Patients and methods A systematic literature search of PubMed, Embase, and the Cochrane database was conducted to identify clinical studies comparing outcomes with and without transmural PS published until September 2022. Data on PFC recurrence and adverse events (AEs) were pooled using a random-effects model.
Results Nine studies including 380 patients with long-term transmural PS and 289 patients without PS were identified. The rate of PFC recurrence was significantly lower in patients with transmural PS (pooled odds ratio [OR] = 0.23, 95% confidence interval [CI] [0.08-0.65], P = 0.005). In a subgroup analysis limited to studies focusing on patients with disconnected pancreatic duct syndrome, which has been reported to be a risk factor for PFC recurrence, the OR was numerically lower than that for the entire cohort (OR = 0.14, 95% CI [0.04-0.46]). The rate of AEs was significantly higher with long-term transmural PS (OR = 14.77, 95% CI [4.21-51.83]).
Conclusions In this meta-analysis, long-term PS placement reduced the risk of PFC recurrence.
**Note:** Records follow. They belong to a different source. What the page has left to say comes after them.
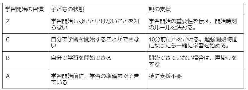 このように『Z=できない』から『A=上手にできる』の間に、『B』『C』の目盛りを設けて考えるのです。たとえば、『毎日決まった時間に学習を開始できる』という学習習慣を例にとって考えてみましょう。
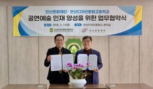 안산문화재단(대표이사 김태훈)은 2026년 3월 13일(금), 안산디자인문화고등학교(교장 김영배) 공연콘텐츠과와 “공연예술 인재 양성”을 위한 업무협약(MOU)을 체결했다.이번 협약은 안산문화재단이 지향하는 “문화예술을 통한 지역사회 상생 모델”의 일환으로 추진했다. 양 기관은 미래의 공연예술인을 꿈꾸는 학생들에게 전문적인 문화예술 교육을 접목함으로써 교육 현장에 창의적 에너지를 불어넣고, 지역과 함께 호흡하는 지속 가능한 문화 생태계를 구축하는 데 목적을 두고 있다.협약 주요 내용은 ▲문화예술 진로 탐색 및 인재 발굴을 위한 교육
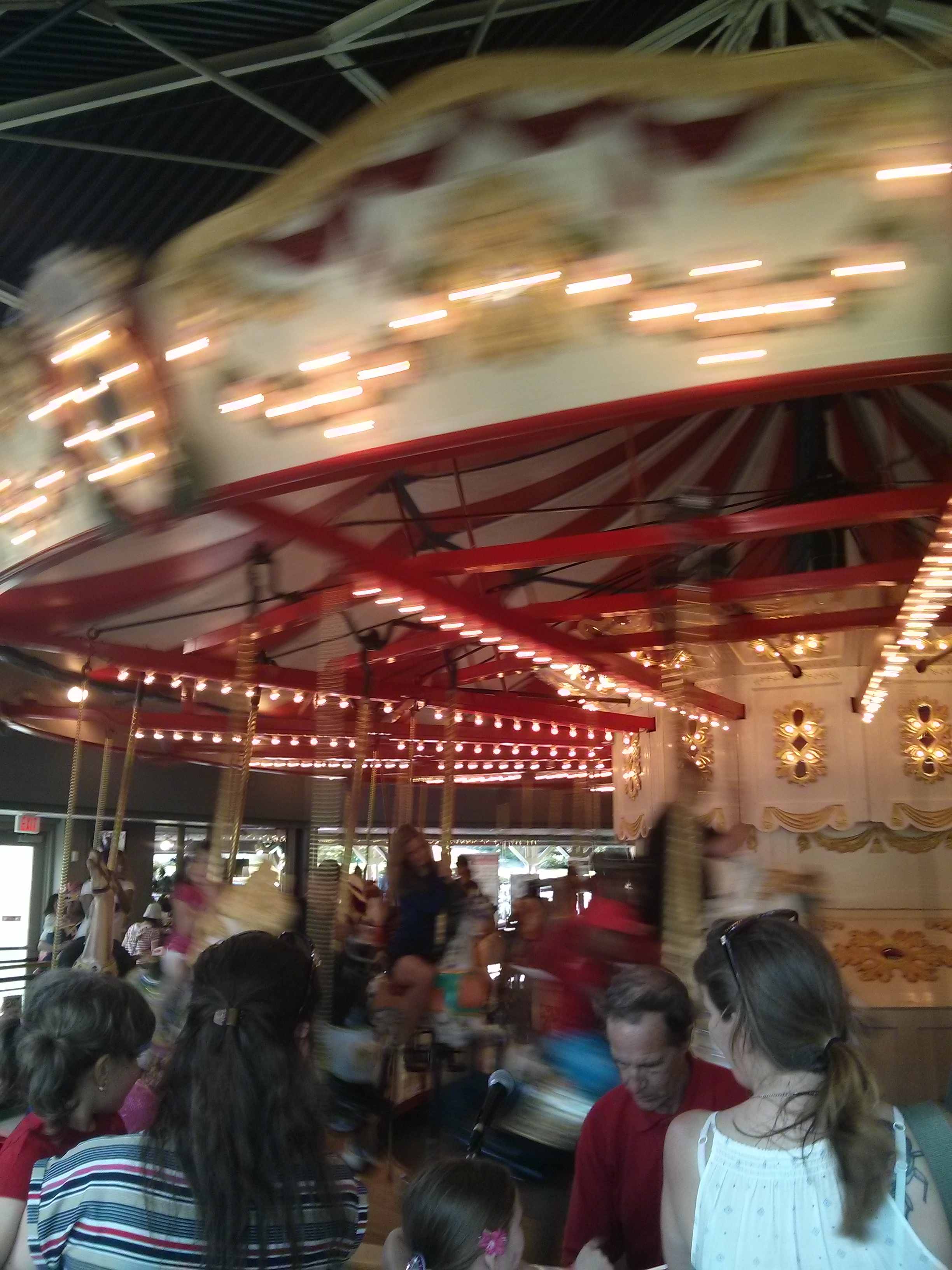I chose a steed (well really by virtue of the standing-politely-in-line-until-something-was-available system it chose me) and mounted (celebrating, when I achieved my seat, that I didn’t have to put up my hand and ask for help). Then, once we were all aloft, the music began and we went round and around at speeds that seemed much too fun to be considered safe by modern standards.
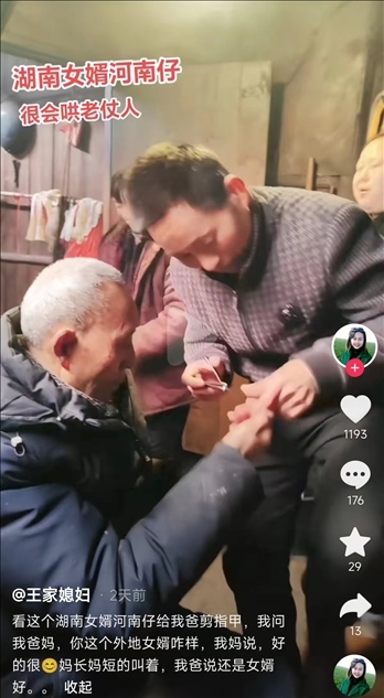 還有的女婿“眼里有活”,去了丈母娘家什么都干,修燈泡、放牛、做飯、打麻將,入鄉(xiāng)隨俗無所不能,深受丈母娘好評(píng)。
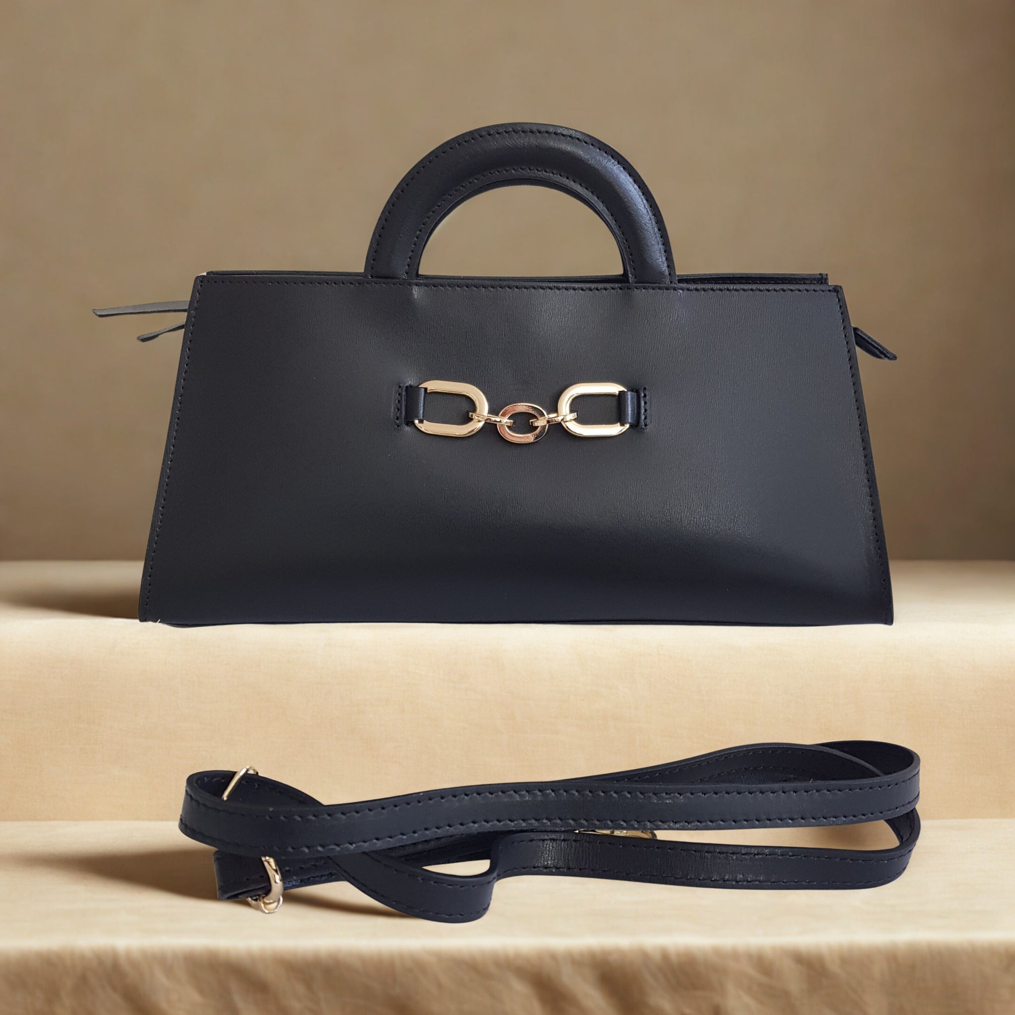 ALIINA nahkalaukku on minimalistinen mutta huomiota herättävä nahkalaukku, jossa yhdistyvät käytännöllisyys ja klassinen tyyli. Laukun etuosaa koristaa näyttävä kullanvärinen solkiyksityiskohta, joka tuo kokonaisuuteen ripauksen ylellisyyttä.
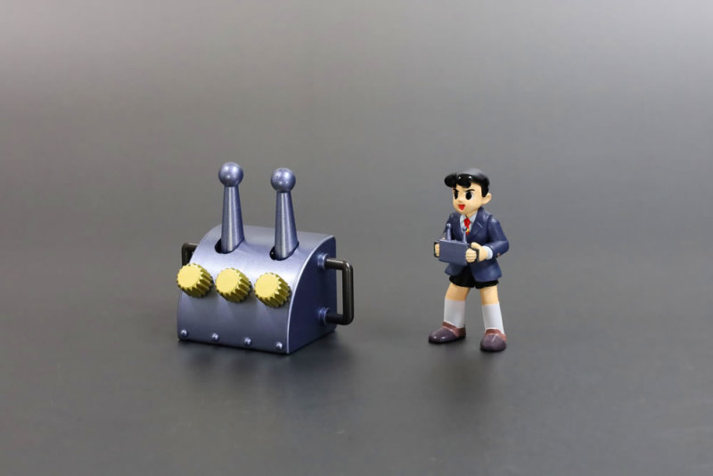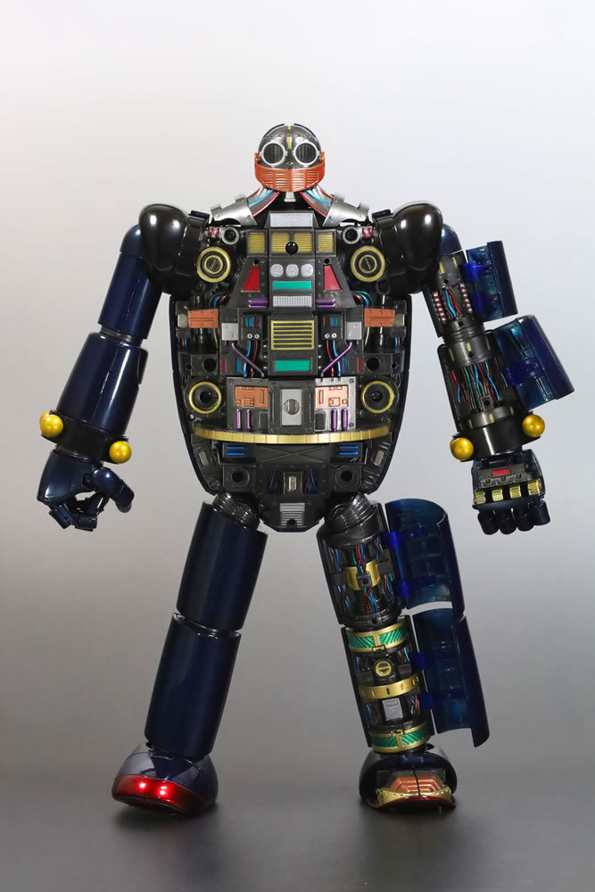 內部構造完整地再現,配件部分,有附操縱者正太郎的迷你人形,操縱鐵人的遙控器。鐵人的眼睛可以替換配件呈現不同效果,內部也可以透過安裝LR44電池發光,搭配多樣的可動姿勢,喜歡另一種不同色系的鐵人28的朋友,不妨參考看看。

Given the potential AEs of indwelling PS, further research is required to evaluate the overall benefits of long-term PS placement.
Publication History
Received: 01 August 2023
Accepted after revision: 06 December 2023
Accepted Manuscript online:
11 December 2023
Article published online:
12 February 2024
© 2024. The Author(s). This is an open access article published by Thieme under the terms of the Creative Commons Attribution-NonDerivative-NonCommercial-License, permitting copying and reproduction so long as the original work is given appropriate credit. Contents may not be used for commercial purposes, or adapted, remixed, transformed or built upon. (https://creativecommons.org/licenses/by-nc-nd/4.0/).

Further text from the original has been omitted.